Эннабел все время смотрела на его руку, которую он постоянно держал в кармане своей куртки, и вот теперь Келлер вытащил ее, и девушка увидела зловещего вида крупнокалиберный пистолет.
– Некрасиво уходить в середине беседы.
– Доктор Келлер, на свете нет таких вещей, ради которых стоило бы идти в тюрьму. Вы можете начать все заново, сделать себе имя не на обмане.
– Мне нравится здесь, – сказал он жестким голосом. – Жаль, что ты не хочешь вернуть мне документы, как хорошая девочка. Но все равно я уничтожил бы их, раз уж вы сунули нос в мои дела, – он наставил на девушку пистолет. – Отойди от двери, моя дорогая, не испытывай мое терпение.
Он жестом показал, чтобы Эннабел прошла к дивану у окна.

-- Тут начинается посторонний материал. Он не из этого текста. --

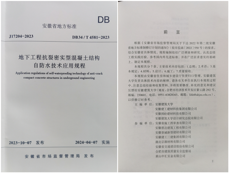 学校主编的安徽省地方标准《地下工程抗裂密实型混凝土结构自防水技术应用规程》正式发布
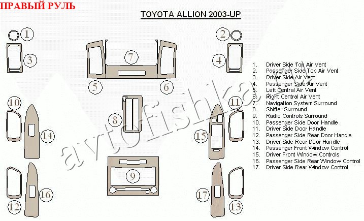 Декоративные накладки на панель приборов | Тюнинг салона для Toyota Allion 2003 – н.в. полный набор накладок в салон, правый руль

– Что вы собираетесь делать?
– Собираюсь разрешить тебе сопровождать драгоценные рукописи твоего любимого Джереми в дантовский ад. – Эннабел задрожала от его улыбки, которая через секунду превратилась в высокий смех, почти визг. – Прощай, красавица. Жаль, что ты не считала меня привлекательным. Многие из моих аспиранток находили меня очень симпатичным мужчиной, особенно во время наших дополнительных занятий, за которые, конечно, я не брал с них плату. – И снова маниакальный смех…

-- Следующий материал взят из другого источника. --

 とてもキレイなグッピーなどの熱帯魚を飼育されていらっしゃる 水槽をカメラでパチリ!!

Келлер открыл крышку дивана и приказал девушке забраться внутрь. Звук опустившейся крышки и задвинувшейся защелки напоминал стук опускающейся крышки гроба. Боже, сколько времени осталось ждать до утра, когда придет Роман? Ее клаустрофобия[43] носила случайный характер, и Эннабел молилась, чтобы эта коварная болезнь не проявилась именно сейчас.
Келлер все еще был в комнате. Эннабел слышала его шаги. Что он делает? Он не найдет рукописи, в этом она была уверена, но почему он не уходит? Что он имел в виду, когда говорил, что «уничтожит» бумаги?